A German oil producer has been accused by the head of Libya’s National Oil Corporation of withholding more than $900 million (€811.21 million) from the Libyan state and colluding with unlawful efforts by Libya’s UN-backed government to take over the sale of the country’s vastly profitable oil contracts.

The power struggle between the NOC and Wintershall – which denied that it owed any money, saying it had always met its obligations to the state – has long-term implications for global oil prices and the Libyan economy, since more than 80% of Libyan state revenues are gathered from the oil industry.

Despite Libya facing a political crisis, oil production has been gradually increasing of late, reaching 800,000 barrels per day. The NOC is seen as one of the few bipartisan Libyan institutions capable of keeping out of the political infighting that has dogged the country since Muammar Gaddafi fell in 2011. Libya was producing 1.6 million barrels per day before the uprising, and the NOC has said output in 2017 could reach between 1.1m and 1.2m barrels per day if political obstacles are removed.

The NOC argued that the battle with Wintershall, and the support the company has enjoyed from the UN backed government was of great importance to its ability in order to keep control of decisions on oil contracts away from politicians whilst ensuring that the maximum amount of revenue reaches the state coffers.

Mustafa Sanalla, the head of the NOC, said that Wintershall knew before him of a controversial move by the presidency council – the name of the UN-backed government led by Fayez Serraj in Tripoli – to take over control of decisions on the terms of oil contracts and investments from the NOC.

The legal status of the presidency’s council move, which occurred in March and is known as resolution 270, is now unclear after an appeal court in Benghazi ruled on Monday that the council had over reached itself.

Based in Kassel and part of the chemical BASF Group, Wintershall is one of the oldest established oil companies in Libya, and is regarded as being better positioned than other foreign oil firms to have a further increase in oil production in Libya.

Mustafa Sanalla added that Wintershall had ‘tried to interfere with the Libyan internal politics and to take advantage of the fact that the state is so weak’. He also alleged that staff, nominally advising the presidency council had previously been employed by Wintershall for years, and that the council was making political decisions such as resolution 270 that “were written by Wintershall and designed to help Wintershall”.

In 1966, Wintershall was granted two enterprises in the East Sirte basin, 1,000 km south of Tripoli.

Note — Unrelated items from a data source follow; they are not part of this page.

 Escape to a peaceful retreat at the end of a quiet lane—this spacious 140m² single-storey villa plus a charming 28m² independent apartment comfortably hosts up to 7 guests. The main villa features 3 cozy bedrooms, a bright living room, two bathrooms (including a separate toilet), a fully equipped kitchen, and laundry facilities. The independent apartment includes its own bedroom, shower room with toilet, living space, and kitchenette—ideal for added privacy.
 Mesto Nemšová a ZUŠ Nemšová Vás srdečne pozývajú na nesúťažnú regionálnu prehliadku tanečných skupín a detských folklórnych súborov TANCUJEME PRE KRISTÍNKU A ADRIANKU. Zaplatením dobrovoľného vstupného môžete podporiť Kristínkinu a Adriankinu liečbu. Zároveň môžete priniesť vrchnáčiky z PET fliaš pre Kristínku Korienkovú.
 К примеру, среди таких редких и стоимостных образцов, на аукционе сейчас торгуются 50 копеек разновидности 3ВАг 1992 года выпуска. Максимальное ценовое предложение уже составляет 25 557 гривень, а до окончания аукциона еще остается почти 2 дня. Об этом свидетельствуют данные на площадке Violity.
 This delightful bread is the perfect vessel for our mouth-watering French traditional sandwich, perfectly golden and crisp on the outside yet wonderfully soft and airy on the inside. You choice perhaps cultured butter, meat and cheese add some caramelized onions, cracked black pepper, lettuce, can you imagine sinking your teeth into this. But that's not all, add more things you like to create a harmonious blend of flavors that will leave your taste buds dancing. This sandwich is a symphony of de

By 1996, the concessions were capable of producing 100,000 barrels per day.

Sanalla said a memorandum of understanding was signed in August 2010 extending these two concessions, on the condition the terms of the concessions were made more favourable to the government, bringing them into line with the type of contract agreed by other foreign oil operators in Libya. He said Wintershall had not honoured this agreement.

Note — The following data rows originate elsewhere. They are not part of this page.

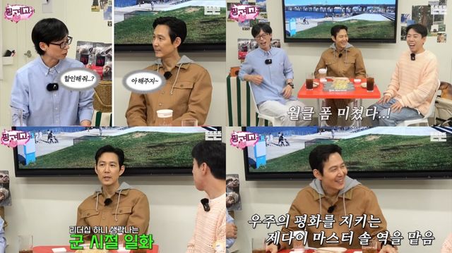 이정재는 “요즘 유튜브를 통해 먹방 콘텐츠를 즐겨본다”라는 근황과 함께 “주로 고기 쪽을 많이 본다. 소고기, 돼지고기 안 가린다”라는 말로 현장의 웃음을 자아냈다. 이어 “내가 먹방 프로를 새벽까지 볼 줄 몰랐다”라며 “어느덧 보면 새벽 3시다. 6시에 일어나서 촬영 가야 하는데, 침대에 옆으로 누워서 계속 먹방만 본다”라며 웃었다. 이에 유재석과 양세찬은 “다 똑같구나. 나만 그러는 줄 알았는데”, “난 면 쪽을 많이 본다. 사람 사는 거 다 똑같다”라며 폭풍 공감했다.
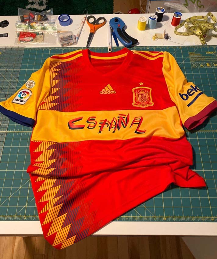 Building on the mantra “Creativity has no boundaries”, Calcetto Eleganza have taken the lockdown as an opportunity to dig even more into the blur of football and fashion, finding new inspiration in it through technology and sustainability. As part of this they recently announced that they would be hosting a very exclusive online “Recycling a football jersey”workshop. The concept was easy enough, simply requiring participants to get an old football shirt out of the closet, grab old pieces of cloth, paper, plastic and the like, ensure the required equipment is at hand (scissors, glue, tape, needle, thread), and then be ready to (re)create.
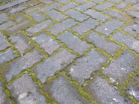 今日の“みどり活動”は、全校生でレンガ目地の苔とりをしました。
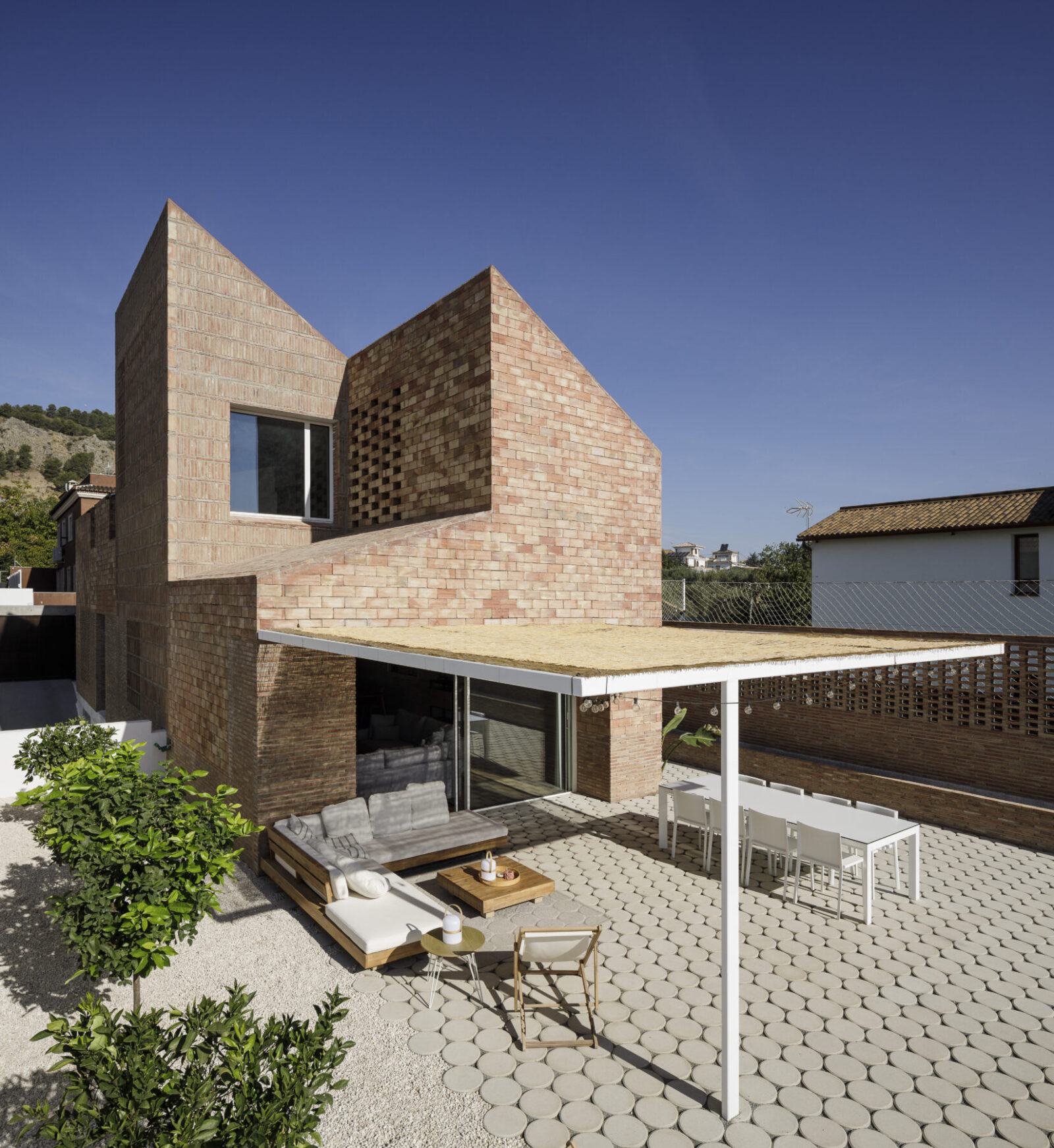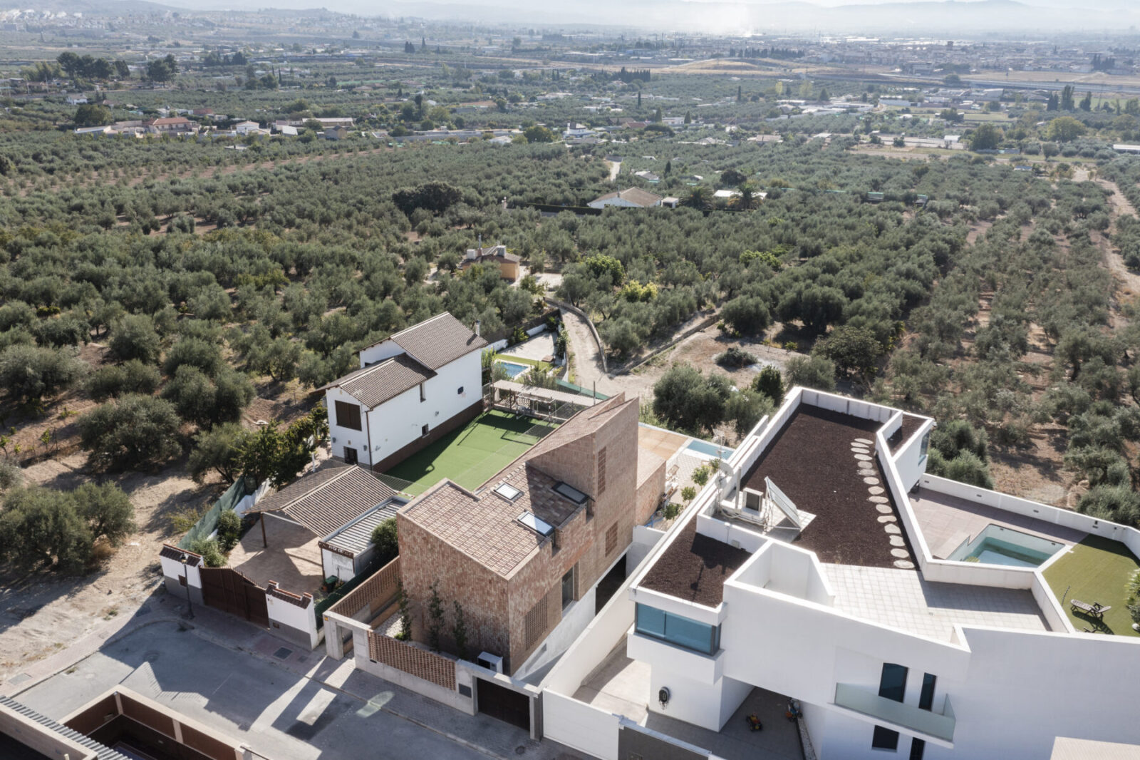Viva la Vega House’s, in Albolote, design was driven by the agricultural background of the clients, their childhood memories and their contemporary needs. SERRANO + BAQUERO office’s team, designed a simple plan and delivered a careful construction. The plan of the house was created by several sections exploring the relationship and the limits of the plot and the surroundings, the light and the views, while the volume and the aesthetic was inspired by the old local tobacco drying houses. Concrete and ceramic brick were used as the main materials.
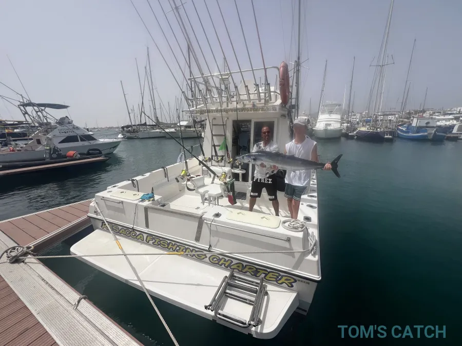Our boat is a motor catamaran equipped with everything you need for deep sea fishing, pompanette 130 lbs fighting chair, double spreader outriggers, cockpit and fly cameras.

The two contract terms have differences which amount to $900m, according to the NOC, based on a calculation of the amount of barrels produced, at an average price, plus contract bonuses. The argument has led Wintershall to slash production by more than 100,000 barrels a day.

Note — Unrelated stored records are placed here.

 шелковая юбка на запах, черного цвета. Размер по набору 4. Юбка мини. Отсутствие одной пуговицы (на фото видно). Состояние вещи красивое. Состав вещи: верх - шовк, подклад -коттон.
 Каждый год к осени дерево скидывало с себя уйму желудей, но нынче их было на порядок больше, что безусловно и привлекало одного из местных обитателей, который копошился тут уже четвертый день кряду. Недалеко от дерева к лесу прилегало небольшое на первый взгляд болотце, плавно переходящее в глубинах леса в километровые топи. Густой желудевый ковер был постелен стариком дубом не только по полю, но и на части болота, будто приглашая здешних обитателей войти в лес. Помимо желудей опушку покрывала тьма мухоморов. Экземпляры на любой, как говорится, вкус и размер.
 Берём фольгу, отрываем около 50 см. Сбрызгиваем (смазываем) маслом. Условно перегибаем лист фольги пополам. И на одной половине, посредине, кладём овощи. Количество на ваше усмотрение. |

Sanalla also claimed that the presidency council passed resolution 270 partly to allow Wintershall to evade its obligations under the 2010 agreements. The amendment was drafted with the help of Wintershall to benefit Wintershall, he said. He has also named a senior adviser to the council that he said had been close to Wintershall for more than a decade.

The dispute over oil resources – on which the fragile Libyan state depends to survive – is part of a wider argument about whether the presidency council has failed to honour promises made last November to fund the oil business properly.

The NOC claimed on Tuesday that the council had committed itself to providing LYD 2 billion (€1.31 billion) for investments and repairs but had only come up with LYD 1.6 billion (€1.05 billion).